COMPMID-3818: Extend documentation to report what fast-math flag enables

Signed-off-by: Sheri Zhang <sheri.zhang@arm.com>
Change-Id: I726decc11f19bd89187cdaec89d56dcf4613dff7
Reviewed-on: https://review.mlplatform.org/c/ml/ComputeLibrary/+/4112
Reviewed-by: Gian Marco Iodice <gianmarco.iodice@arm.com>
Tested-by: Arm Jenkins <bsgcomp@arm.com>
Comments-Addressed: Arm Jenkins <bsgcomp@arm.com>
diff --git a/docs/01_library.dox b/docs/01_library.dox
index 39739cb..742a246 100644
--- a/docs/01_library.dox
+++ b/docs/01_library.dox
@@ -59,7 +59,18 @@
 - NCHW: Legacy layout where width is in the fastest changing dimension
 where N = batches, C = channels, H = height, W = width
 
-@section S4_1_3 Thread-safety
+@section S4_1_3 Fast-math support
+
+Compute Library supports different types of convolution methods, fast-math flag is only used for the Winograd algorithm.
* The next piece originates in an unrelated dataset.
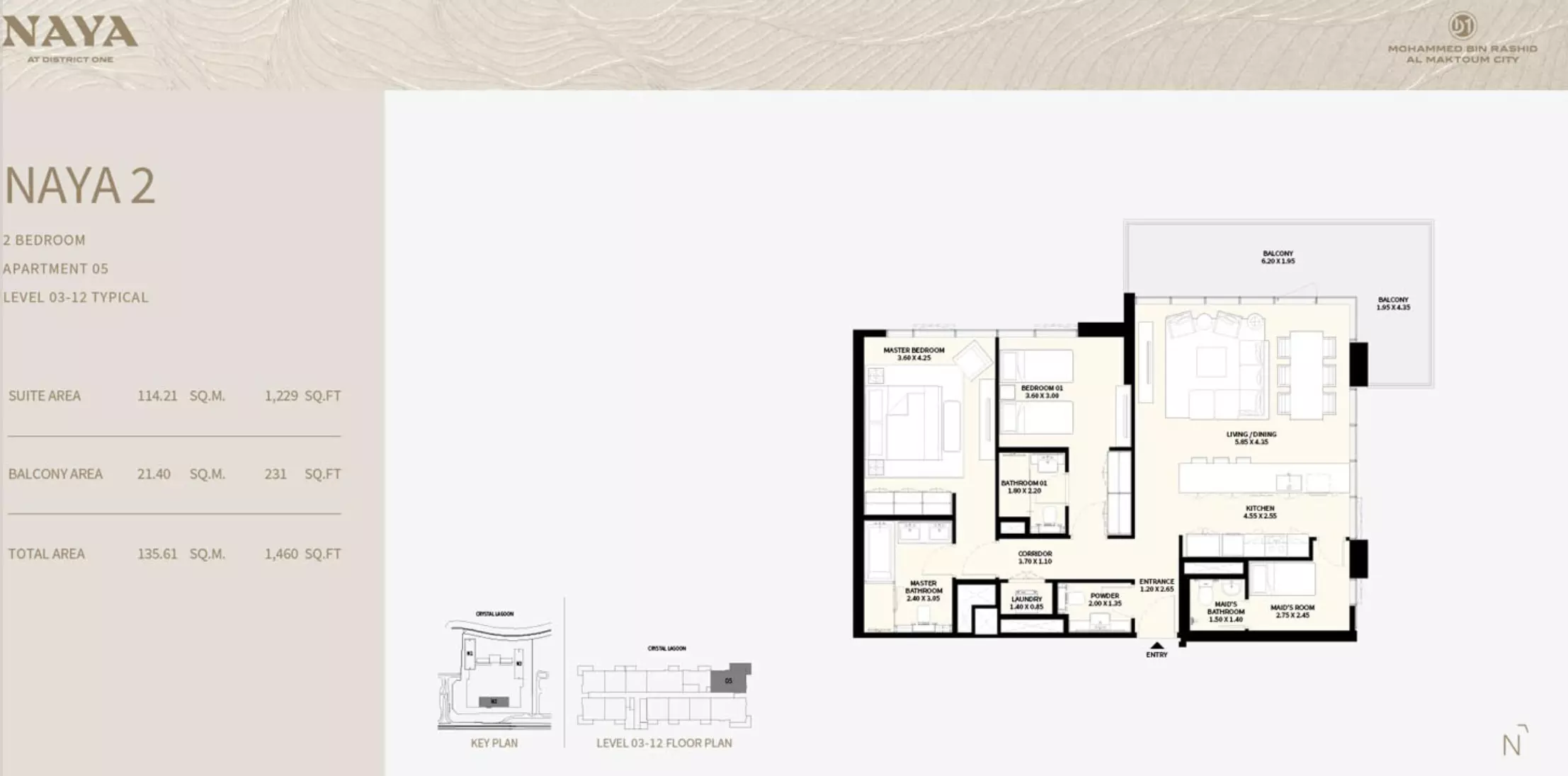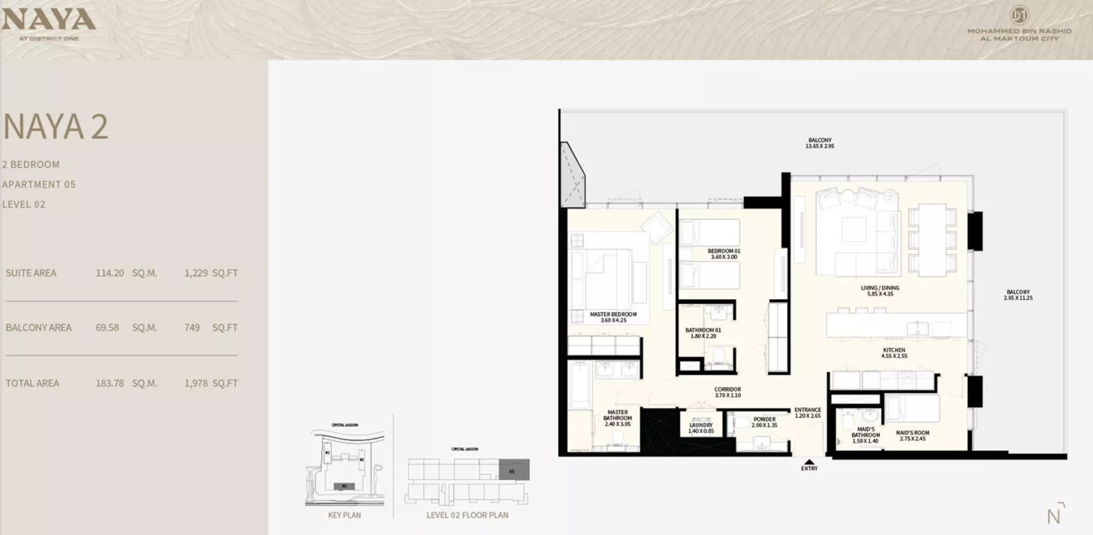 Naya Phase 2 by Nakheel is a strong investment due to its prime location in Mohammed Bin Rashid City (MBR City), offering easy access to Dubai's top landmarks, creating a serene living environment. With amenities like swimming pools, a state-of-the-art gym, wellness-focused spaces, and beachfront living, Naya Phase 2 caters to a modern, active lifestyle. The project’s strategic location, quality design, and strong potential for property value appreciation make it an attractive option for investors seeking both luxury and long-term returns.

+When the fast-math flag is enabled, both NEON and CL convolution layers will try to dispatch the fastest implementation available, which may introduce a drop in accuracy as well. The different scenarios involving the fast-math flag are presented below:
+- For FP32:
+    - no-fast-math: Only supports Winograd 3x3,3x1,1x3,5x1,1x5,7x1,1x7
+    - fast-math: Supports Winograd 3x3,3x1,1x3,5x1,1x5,7x1,1x7,5x5,7x7
+- For fp16:
+    - no-fast-math: No Winograd support
+    - fast-math: Supports Winograd 3x3,3x1,1x3,5x1,1x5,7x1,1x7,5x5,7x7
+
+@section S4_1_4 Thread-safety
 
 Although the library supports multi-threading during workload dispatch, thus parallelizing the execution of the workload at multiple threads, the current runtime module implementation is not thread-safe in the sense of executing different functions from separate threads.
 This lies to the fact that the provided scheduling mechanism wasn't designed with thread-safety in mind.